The Standard Repayment Plan offers a fixed payment amount each month until your loans are paid in full. Monthly payments are a minimum of $50, with a maximum term of 30 years to repay your loans with a fixed interest rate. The standard plan does not account for your personal finances.
The Graduated plan offers monthly payments that start out low and will increase every 2 years. This is a good plan for individuals who expect their income to increase steadily over time. The maximum term is 30 years to repay this loan. Monthly payments are never less than the amount of interest that accrues between payments.
The Income Based Repayment (IBR) plan is a plan offered by the Department of Education that can help borrowers who cannot afford their monthly payment. This plan caps your maximum payment to 10% of your income after taxes and other mandatory expenditures.
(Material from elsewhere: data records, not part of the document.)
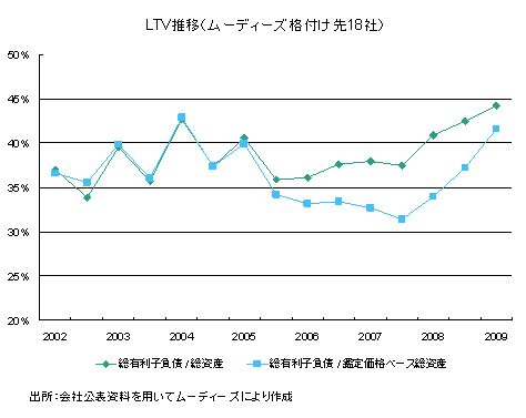 一方で、ここ数年上昇を続けてきた不動産の資産価格が下落基調に転じたことによって、市場価格ベースのレバレッジも上昇を早めているだろう。保有不動産ポートフォリオの投資ビンテージが比較的新しい資産に偏っている発行体ほど、市場価格ベースのレバレッジが上昇しやすいだろう。毎期更新されている鑑定価格を一つの目安として比較すれば、そのような発行体においては、既にポートフォリオの簿価に対して鑑定価格が下回る状況になっている。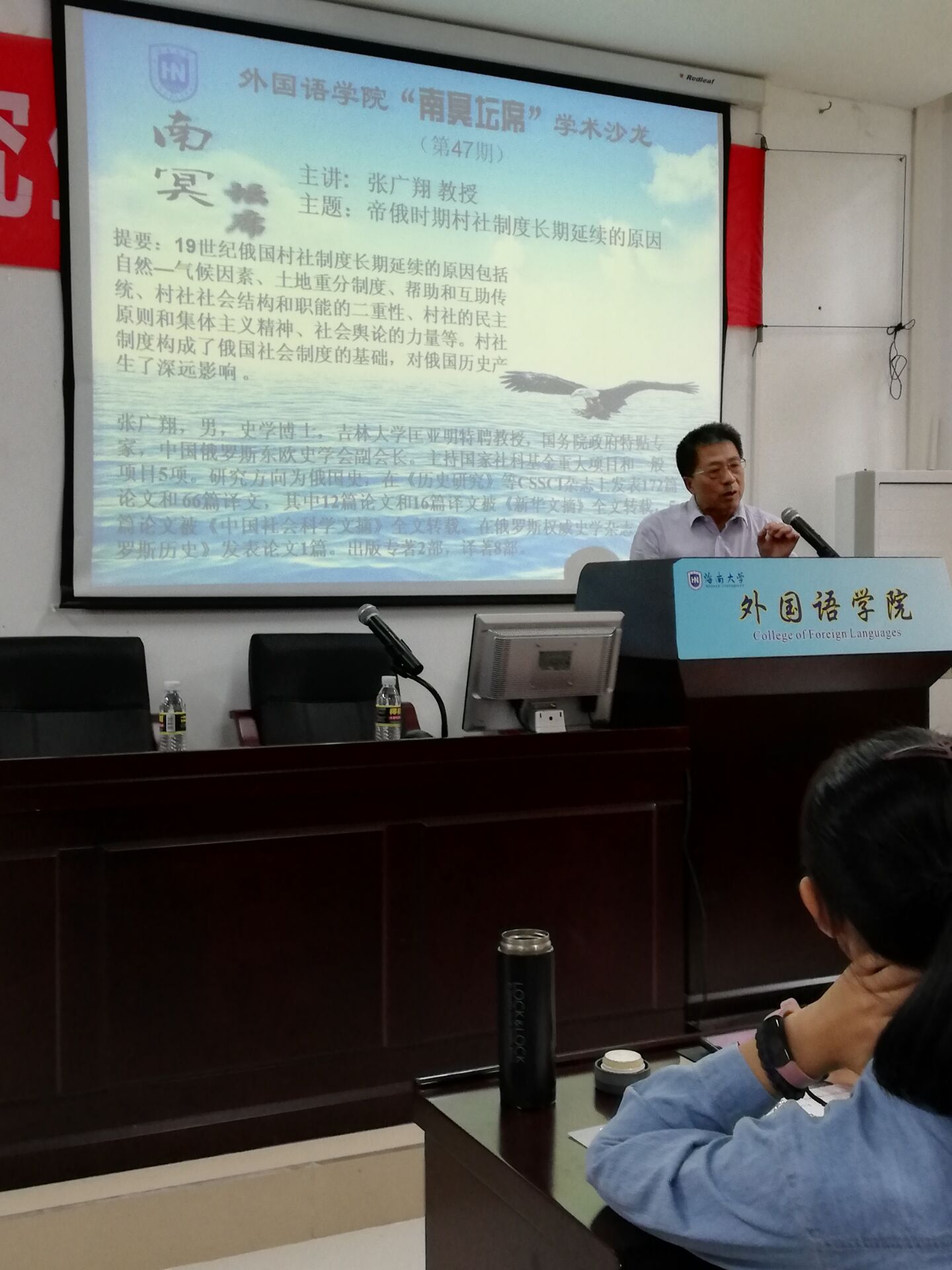 据悉,张广翔教授是史学博士,吉林大学匡亚明特聘教授,国务院政府特殊津贴专家,中国俄罗斯东欧史学会副会长,吉林省第六批拔尖创新人才。主持国家社科基金重大项目和一般项目5项。研究方向为俄国史,在《历史研究》等CSSCI杂志上发表172篇论文和66篇译文,其中12篇论文和16篇译文被《新华文摘》全文转载,5篇论文被《中国社会科学文摘》全文转载。在俄罗斯权威史学杂志《俄罗斯历史》发表论文1篇。出版专著2部,译著8部。 (摄影、撰稿:2018级文学硕士 方慧琴)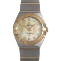 - オメガを代表する最もオーソドックスでドレッシーなデザインの“コンステレーション”。全モデルがクロノメーター認定を受けた高精度コレクションで、ベゼル両側の「グリフ」と呼ばれる爪のデザインが印象的です。シャンパンカラーのマザーオブパール上に12個のダイヤモンドインデックスを配し、素材にスティールとイエロールドを採用した高級感溢れるモデルです。

The PAYE Plan is a financial hardship program. PAYE caps monthly payments for Federal Direct Student Loans at 10% of discretionary income to make them affordable based on annual income as well as state of residency. Payments are recalculated once a year.If filing a tax return as Married Filing Jointly, your spouse’s income will be include in the calculation to determine your monthly payment. The maximum term for this plan is 20 years.
The Income Contingent Repayment (ICR) plan is designed to make repaying education loans easier for students who intend on pursuing jobs with lower salaries, such as careers in public service. It does this by pegging the monthly payments to the borrower’s income, family size, and total amount borrowed.